After years of having to be vigilant for her children’s safety, Harriet stated in her letter that if Robert was unwilling to accept the help being offered through this Intervention and go to the treatment program that she would no longer allow her father to be around his grandchildren. Some team members had strong reactions about her feelings and decision.
By the time the role-play was complete we had heard all the letters, team members had received feedback from others about how their letters sounded, and some received editing suggestions. We decided the order of who would go first to last.
Everyone made the decision to be firm with a willingness to hold the line with Love, Concern, and Respect: to encourage Robert to say yes and go directly to the treatment program.
We addressed all the logistical questions again, making a plan for how Robert would physically get to the treatment program and who would go with him. By the end of the role-play all team members agreed that we had done our best.
We were providing a plan that could succeed. We were collectively offering Robert the opportunity and method to get his life back.
We agreed on a time early the following morning to meet at Robert’s home and have the Intervention.
The Intervention: No one had mentioned to Robert that an Intervention was in the works. We met just down the street from Robert and Colleen’s home at 8:30 am . When we were assembled we walked to the house. We knocked and with Harriet in the lead we went directly in and got seated in the living room. Robert was in the back of the house. By the time he made his way to the living we were all in position.
He looked at us, looked at his wife, and his daughters. I introduce myself.
“Hello Robert, my name is Jerry Wittman and I’m a counselor. I’ve been consulted by your family and friends to help facilitate a family meeting. Everyone has some things to talk with you about, please hear them out. We are going to start with your friend, Arthur.”
One at a time, each read their letters. Tears were shed. Robert cried as well. When the letters were complete, I briefly summarized the intention of the meeting and discussed where and what the treatment program was and that what was being asked of him today was to agree to go to treatment and begin the process of recovery. He said yes.

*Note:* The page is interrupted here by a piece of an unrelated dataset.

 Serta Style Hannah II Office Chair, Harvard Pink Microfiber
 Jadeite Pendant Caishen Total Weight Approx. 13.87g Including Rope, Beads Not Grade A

All congratulated him, gave hugs and prepared for departure to the program.
Within 45 minutes of completing the Intervention, Robert was on his way to Treatment.

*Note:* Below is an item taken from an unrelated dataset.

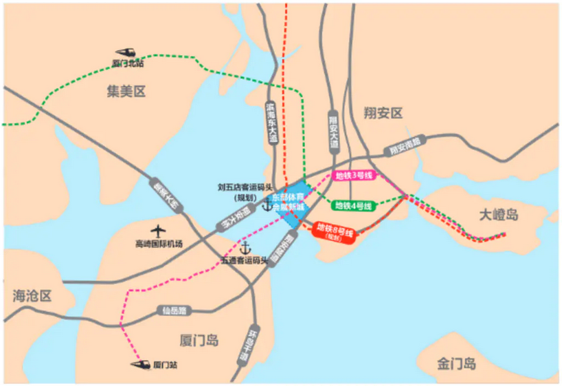 在交通上,新城除了翔安大道、翔安隧道、翔安大桥(预计2022年底通车)、滨海东大道等主干道纵横交错,此外地铁3号线已开通,一站直达五缘湾(注:体育会展、东界、洪坑站点尚未开通);与此同时,新城内的还有4号线(在建)、8号线(规划)交汇贯通,可快速接驳厦门火车站、高崎机场、翔安新机场、厦门北站等重要枢纽。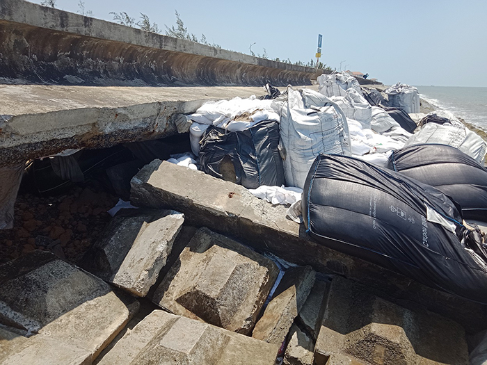 Mới đây do ảnh hưởng do mùa đông bắc, khiến sóng biển đánh mạnh gây ra sụp lún hư hỏng thêm hai điểm khác ở tuyến bờ kè bờ biển Cửa Đại.

Post-Intervention: After Robert had left the house the remaining team members and I sat down and processed through the feelings and thoughts people were experiencing. Team members had previously been given information about self-help (Alanon meetings) and therapist names in their community to follow up with as needed. Immediately family members were encouraged to attend the program’s Family Program. We all agreed to do a check-in via phone in three days.

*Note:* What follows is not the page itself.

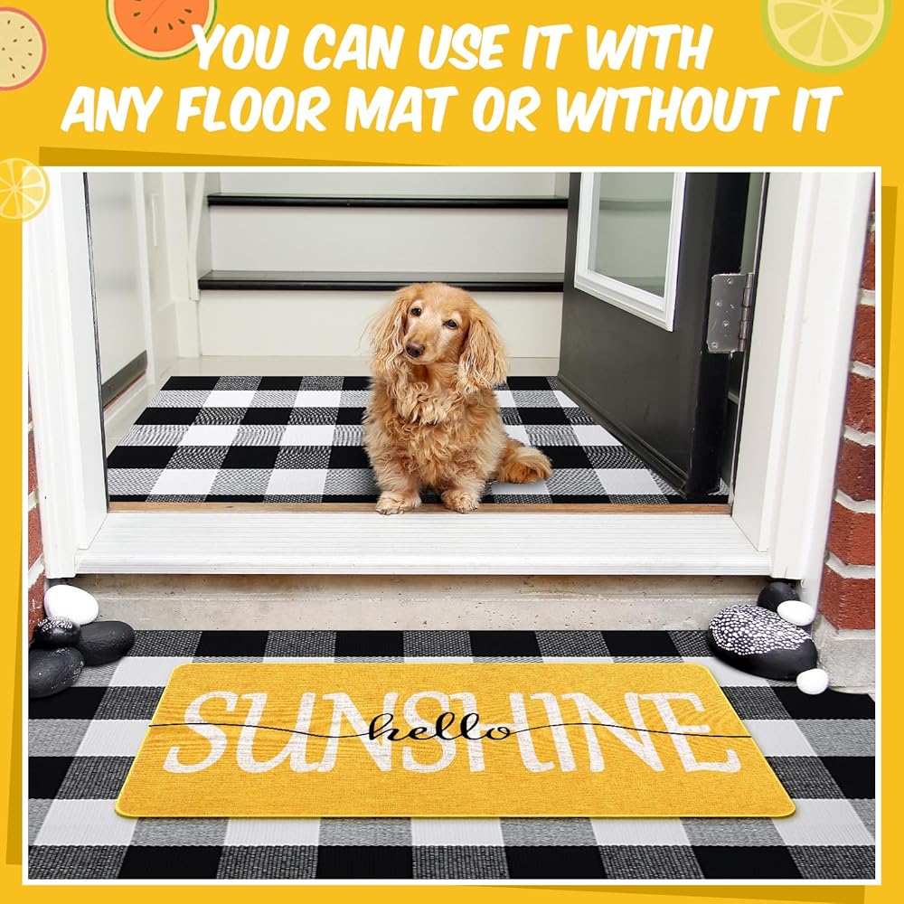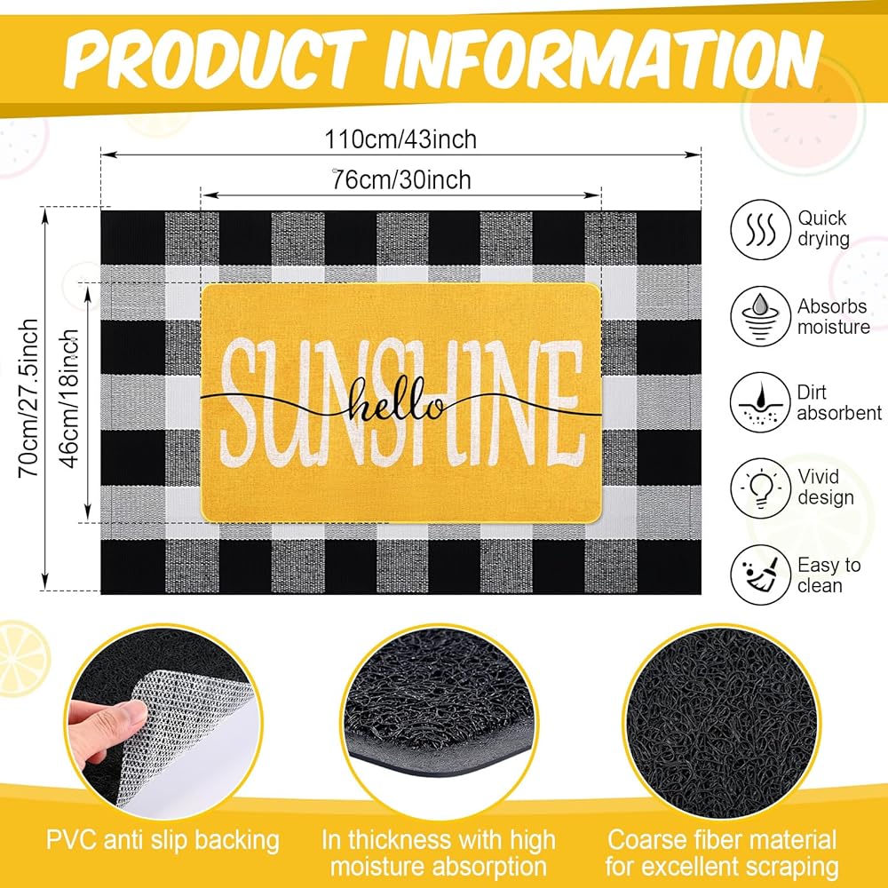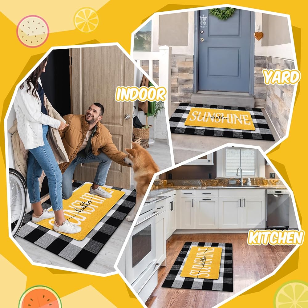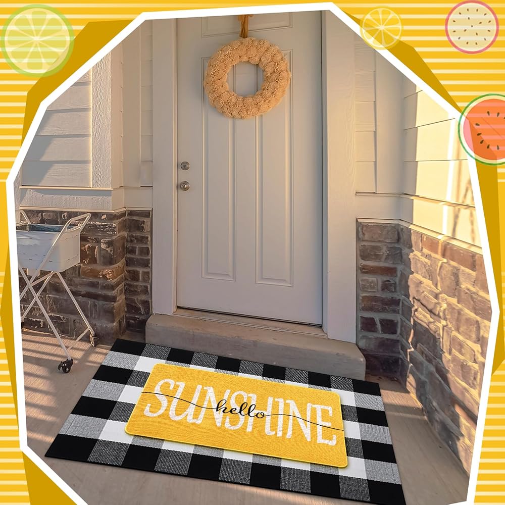 • Nice and Elaborate Combination: you will receive 1 Hello Sunshine doormat and 1 black and white buffalo checkered rug, simple and classic; You can put them together or separately at different entrances to welcome your guests

Since then, I have talked with all the participants. Every single one expressed their gratitude for being part of this process. They’ve said that this has been a very powerful and important event in their lives. Colleen (his wife) and I have talked several times. She says that this has been the hardest and most important thing she has ever done in her life. She followed the recommendations and is attending family week at the program.